Results: Among participants (median age 53 years, 69.2% male), 52.5% (3,201) had nutritional risk, who were older, had lower body mass index (BMI), longer hospital stays, and higher rates of infection, hepatorenal syndrome, hepatic encephalopathy, coagulation disorders, and mortality (p < 0.01). After confounding adjustment, nutritional intervention in high-risk patients was associated with lower frequency of ascites (OR = 0.50, 95% CI: 0.31–0.80), infection (OR = 0.70, 95% CI: 0.52–0.94), and spontaneous bacterial peritonitis (SBP) (OR = 0.34, 95% CI: 0.24–0.49). Moreover, for patients without nutritional risk, nutritional intervention was also associated with lower frequency of ascites [0.26 (0.12–0.55)], SBP [0.30 (0.17–0.54)], and coagulation disorder [0.35 (0.17–0.72)]. Subgroup analysis showed consistent conclusions in most subgroups. However, nutritional intervention had no significant effect on improving all-cause mortality.

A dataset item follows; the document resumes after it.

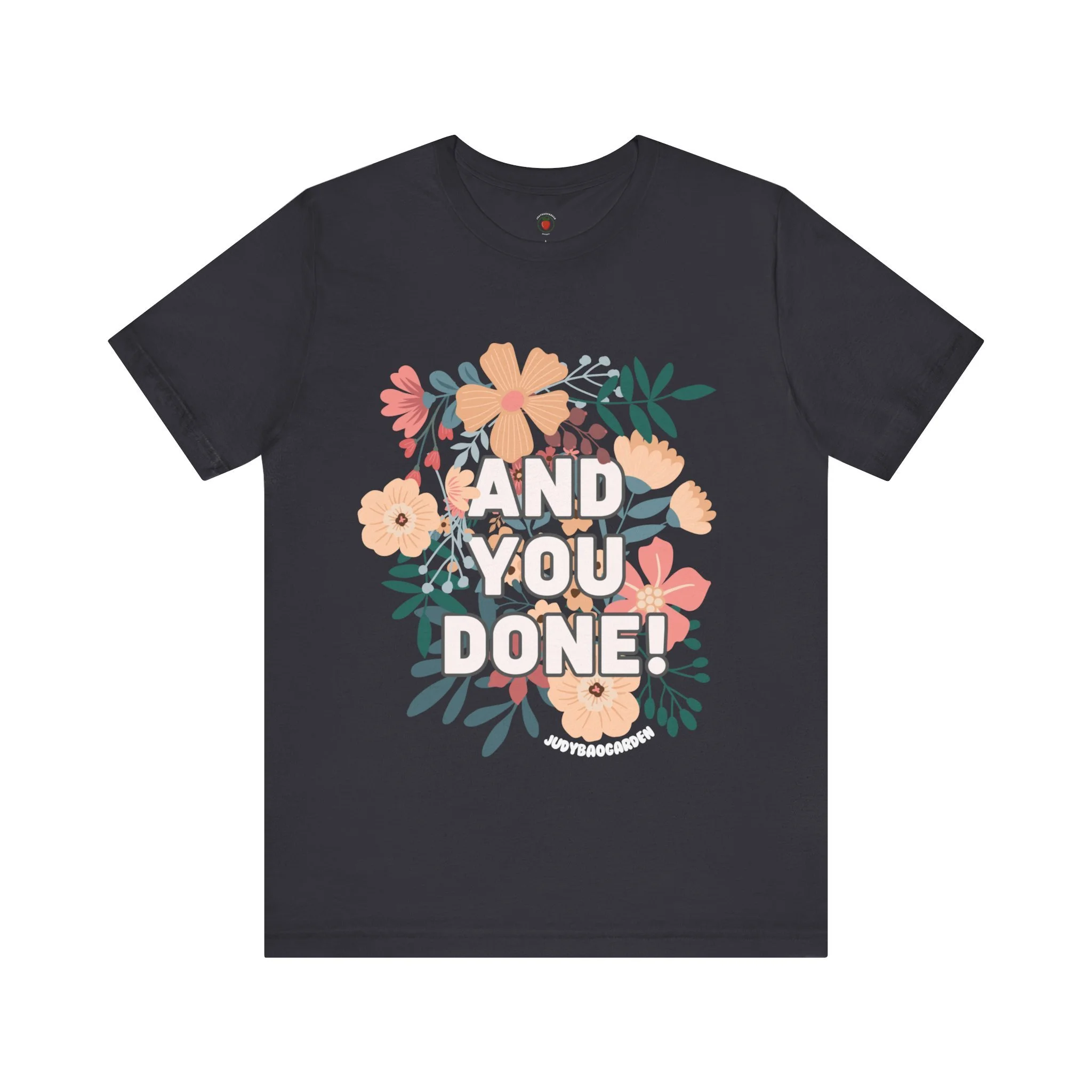 Shop › And You Done! Tropical Tee Image 1 of 1 And You Done! Tropical Tee $30.00 Classic unisex jersey short sleeve tee100% Airlume combed and ringspun cotton (fiber content may vary for different colors)Light fabricDual side seamsRuns true to size Color: Select Color Dark Grey Size: Select Size S M L XL Quantity: Add To Cart Added! Classic unisex jersey short sleeve tee100% Airlume combed and ringspun cotton (fiber content may vary for different colors)Light fabricDual side seamsRuns true to size

Conclusion: Over half of liver failure patients have nutritional risk. Adjuvant nutritional support was associated with significantly lower frequencies of clinical complications, especially ascites and SBP, regardless of nutritional risk.

Introduction

Acute-on-chronic liver failure (ACLF), characterized by decompensation of liver function, is one of the most urgent end stage liver diseases (1, 2). Patients with ACLF often suffer from a series of severe complications (3). These complications not only severely affect the quality of life of patients but also significantly increase the mortality rate.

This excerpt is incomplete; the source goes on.